Doyle Story Compressed

From The Arthur Conan Doyle Encyclopedia

Doyle Story Compressed is an article published in The Times on 8 april 1965.

Review of the play Rodney Stone premiered on 6 april 1965 at The Sheffield Playhouse.


Doyle Story Compressed

The Times (8 april 1965, p. 12)

Sheffield Playhouse: Rodney Stone

From Our Special Correspondent

SHEFFIELD, APRIL 6

"We put our grizzled heads together, we older ones, and we talk of the great days that we have known ; but we find that when it is with our children that we talk it is a hard matter to make them understand. We and our fathers before us lived much the same life, but they with their railway trains and their steam boats belong to a different age."

So reflects Rodney Stone opening as narrator, supposedly in 1851, the Regency romance that bears his name but has Conan Doyle as its author.

Now that still another age has come, Sheffield Playhouse retells the tale for its benefit in a workmanlike stage adaptation by Alan Cullen, with Colin George directing a lively production. The mood of it is infectious, making not only railway trains and steam ships but also space ships and satellites seem humdrum by contrast, if they happen to cross one's mind.

Doyle crowded his canvas in a resolve to get everything into the picture that he could-the bucks and the bruisers, the fancy, the stage, the Fleet. not to mention its commanders, including Collingwood (properly equipped with acorns), Troubridge, and Nelson, with Lady Hamilton in tremulous and sarcastically deprecated attendance. Prinny and Brummel too, are thrust into the foreground.

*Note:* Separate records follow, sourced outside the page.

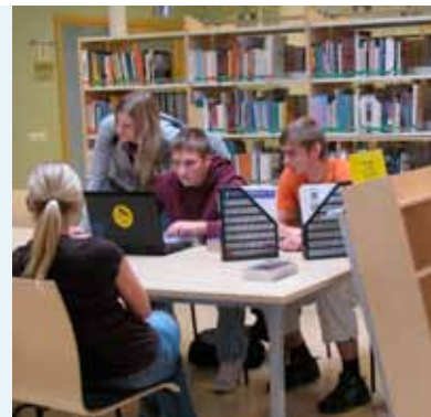
Valmieras integrētās bibliotēkas lasītavā

Par bibliotēku arī sauc ēku vai telpu, kurā atrodas šī iestāde vai tās daļa. Un visbeidzot – par bibliotēku dēvē grāmatu krājumu, kas paredzēts sabiedriskai vai vienīgi personiskai lietošanai. Bieži šāds krājums tiek īpaši sistematizēts jeb sakārtots.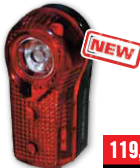
ZADNÍ SVĚTLO NA KOLO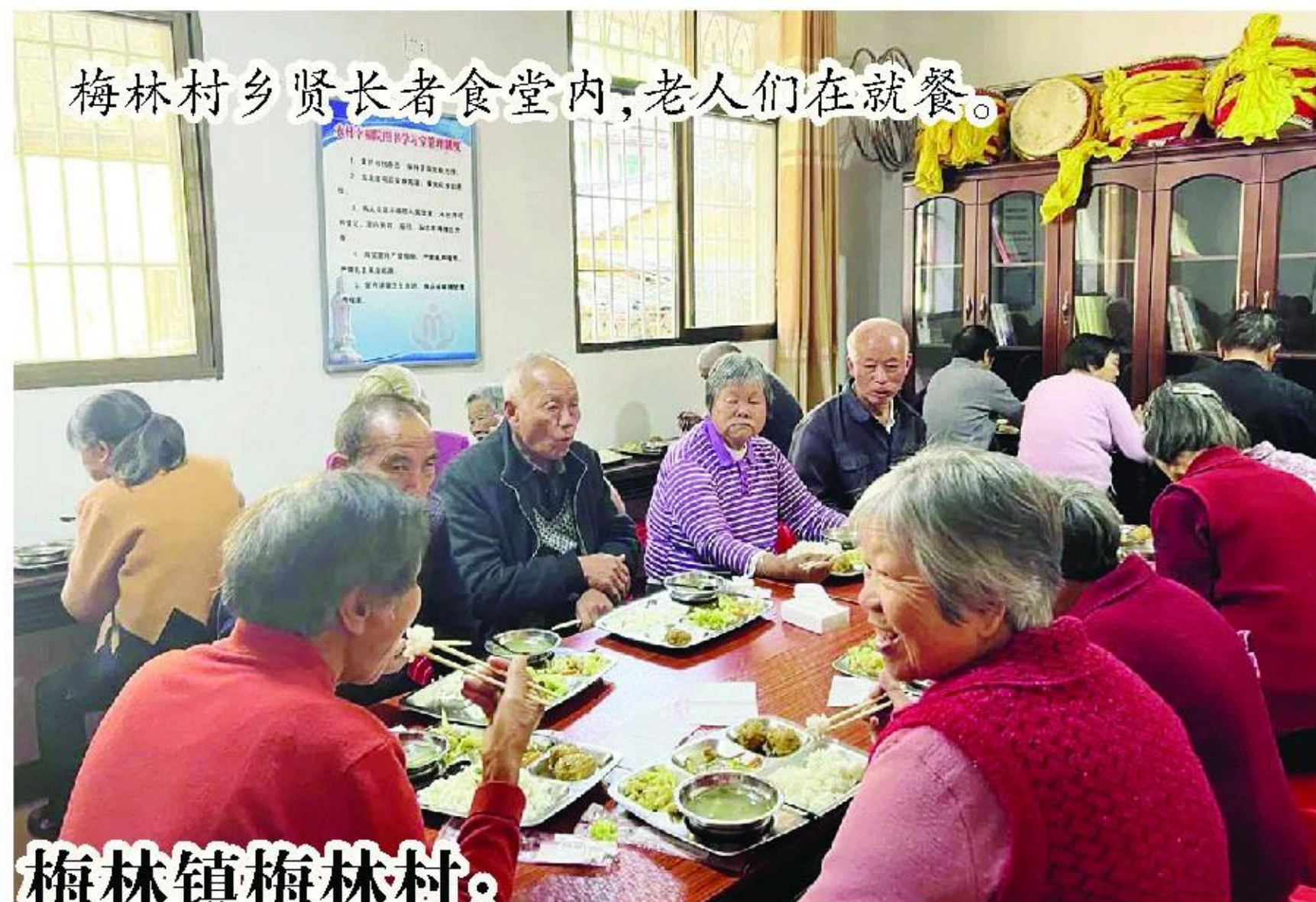
梅林镇梅林村:乡贤反哺

据了解,农业产业化省级重点龙头企业是重在突出引领乡村产业发展、促进农民就业增收、实现农业农村现代化等方面发挥示范带动作用的农业企业。经过多年的发展,龙山镇孕育出20家县级以上农业产业化龙头企业,其中省级7家,市级4家,极大带动了龙山镇现代农业的发展。下一步,龙山镇将按照“绿色兴农、品牌强农、产业强镇”的发展思路,紧盯三张“国字号”名片的目标,持续推行种养加一体化现代农业发展。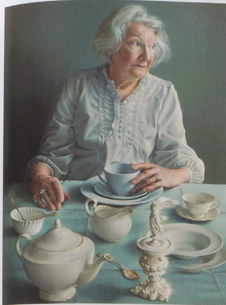
“BP肖像奖”一等奖获奖作品《我桌上的天使》 80×55厘米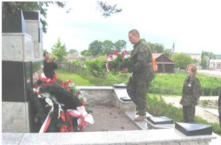
Złożenie kwiatów pod Pomnikiem Niepodległości w Koroszczyń

Program XI Marszu obejmował między innymi złożenie wiązanek kwiatów w 5 miejscach na terenie Powiatu Bialskiego, związanych z Legionami Marszałka Józefa Piłsudskiego. Młodzież złożyła kwiaty pod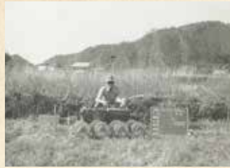
1973年 県庁地質調査(山形県)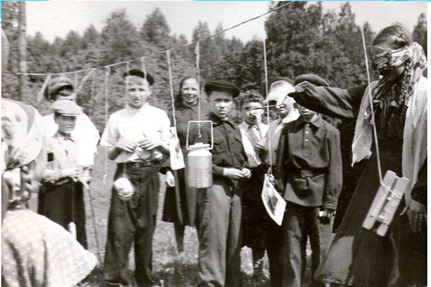
Игры для детей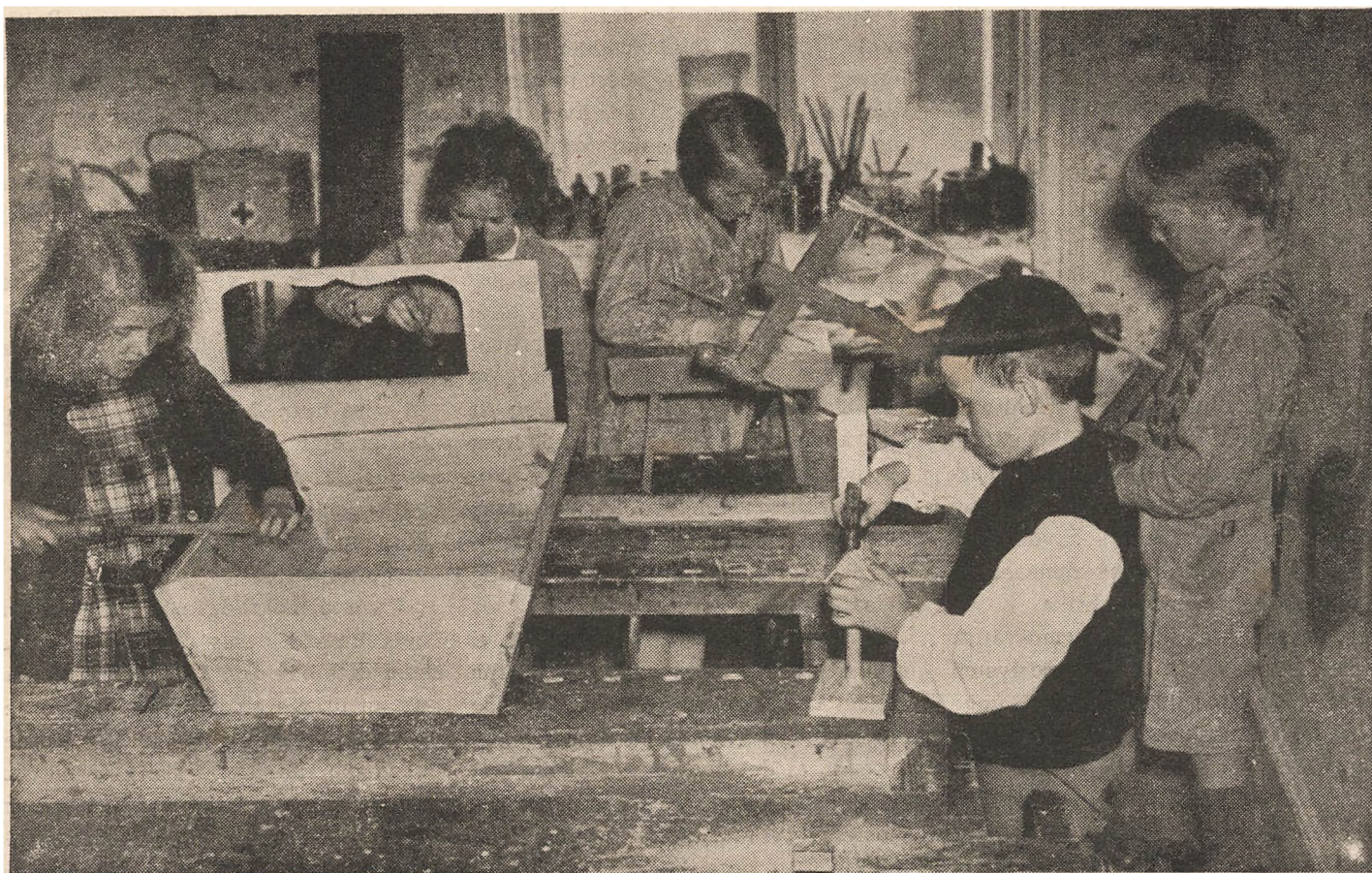
Børnene paa dette Billede har det dejligt — med dyb Interesse gaar de op i en Leg, der er et Arbejde. Ubehaget ved at være under Tvang kender de intet til.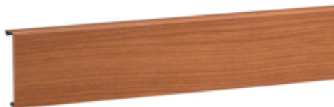
tehalit.SL Pokrywa 20x80 wiśnia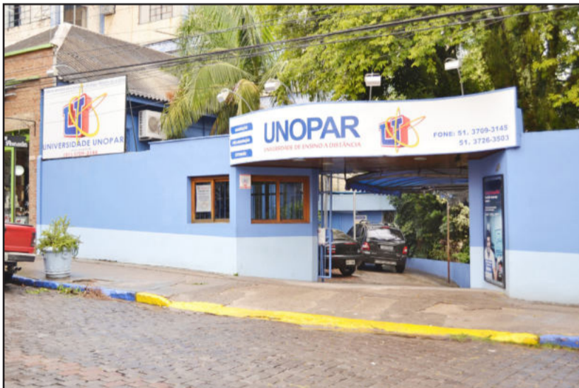
Polo Universitário Lajeado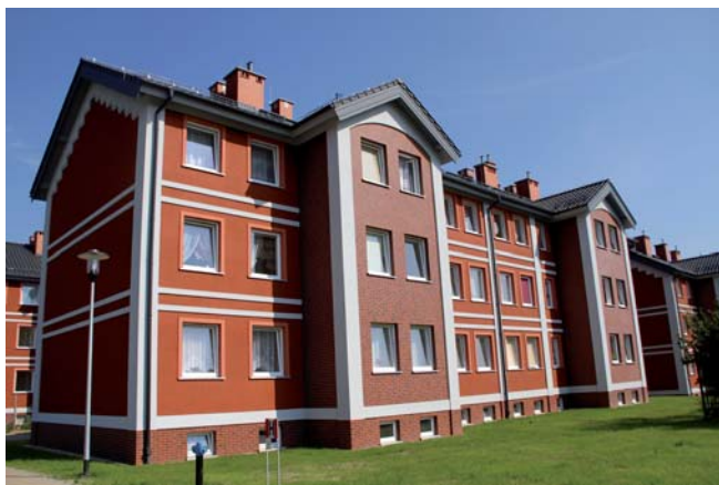
Budynek przy ul. Prostej

●● Plac Papieski – został wyróżniony w trzeciej edycji Konkursu na Najlepszą Przeszłość Publiczną Woj. Pomorskiego 2008. Komisja konkursowa zwróciła uwagę na wartościowy przykład uporządkowania fragmentu przestrzeni wspólnego osiedla i podkreślenie wartości symbolicznej miejsca. Plac Papieski w Tczewie jest dziś jedną z najbardziej reprezentacyjnych przestrzeni publicznych w mieście. Jeszcze w 2005 r. był to niezagospodarowany teren przed kościołem NMP Matki Kościoła, który funkcjonował jedynie jako „dziki” parking dla odwiedzających świątynię. Śmierć Jana Pawła II zainicjowała społeczną ideę zagospodarowania tej przestrzeni jako miejsca upamiętniającego papieża – Polaka.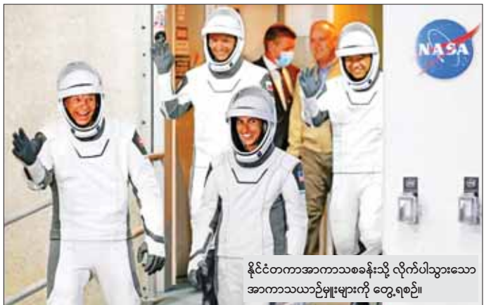
နိုင်ငံတကာအာကာသစခန်းသို့ လိုက်ပါသွားသော အာကာသယာဉ်များကို တွေ့ရစဉ်။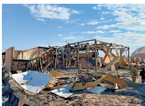
▲伊拉克美軍阿薩德空軍基地多次遇襲。圖為該基地2020年1月遭伊朗導彈襲擊後損壞情況。

炸，並冒出濃煙。兩名伊拉克安全消息人士稱，兩枚「喀秋莎」火箭彈落在基地內。五角大樓預計，未來幾天，親伊朗武裝力量將對該地區的美軍發動更多襲擊。伊拉克駐有約2500名美軍，同時與伊朗支持的民兵組織有密切聯繫。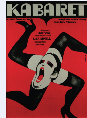
Poster Museum at Wilanów Dept. of The National Museum in Warsaw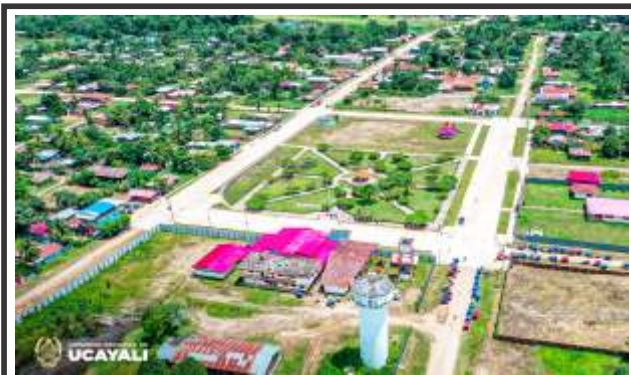
Y garantizará suministro eléctrico en Sepahua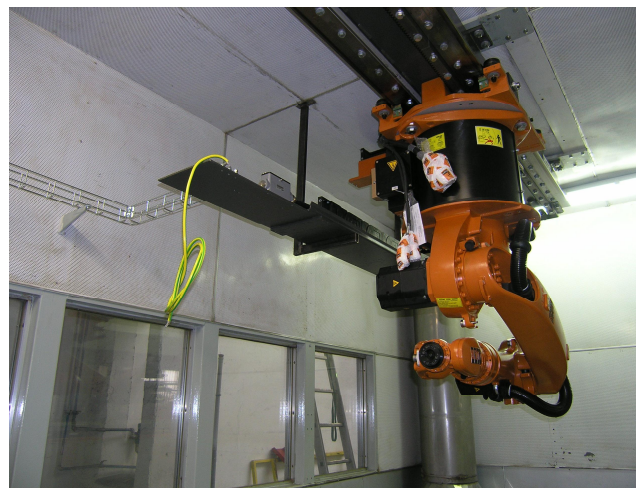
Robot KUKA na lineárním pojezdu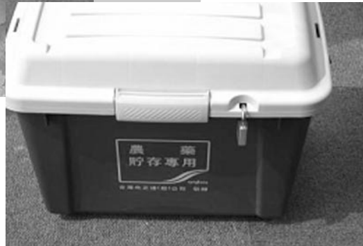
시건장치 달린 운송가능 보관 박스(대만)

며 또한 식량농업기구(FAO)의 “농약의 유통 및 사용에 관한 국제 행동 규약” 5.1/5.3.2항에서도 “정부는 반드시 창고와 농장에서 농약의 안전한 보관을 위한 규정을 마련해야 한다”라고 명시하고 있다. Croplife에서도 작물보호제의 안전하고 효과적인 사용에 관하여 “작물보호제는 반드시 어린이 손에 닿지 않도록 항상 분리되어 있는 독립된 장소에 잠금 장치를 이용하여 보관하여야 한다”와 같은 기준을 제시하고 있다.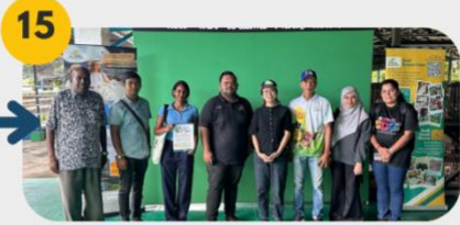
15 23 Februari 2025 Lawatan Tapak 6: Audi Dream Farm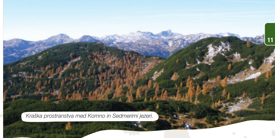
Kraška prostranstva med Komno in Sedmerimi jezeri.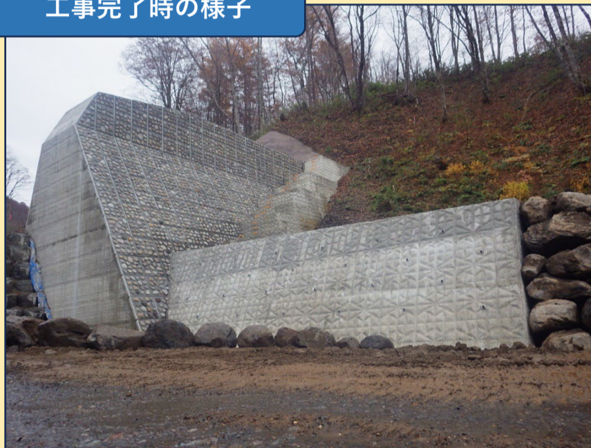
工事完了時の様子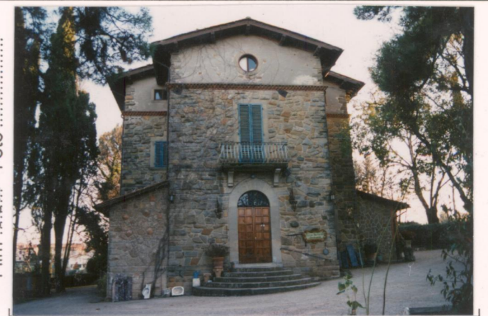
p.v. N. 4 Fronte nord

The wide screen might perhaps present a more realistic spectacle of it all than the stage can. Yet some virtue is made of limitations. The race of phaeton and a barouche from Brighton to London is amusingly, if not excitingly, presented.

Mr. Cullen has had to select and compress. He has shown considerable ingenuity in doing so, and he has strengthened both dramatic effect and his story line by giving Stone things to say which in the novel he merely thinks.

Action is too brisk, with incident over-taken by incident, for the players to give detailed characterization; their strokes have to be strong and brief. Perhaps in later performances the revolve and other stage equipment will stand up to the pace as well as the cast are doing. The first night audience was patient and sympathetic when mechanics once jammed.

Brummel and his fictitious predecessor Tregellis are engagingly played by Mr. Christopher Gilmore and Mr. David Neal. Miss Elisabeth Paget is a splendidly actressy actress.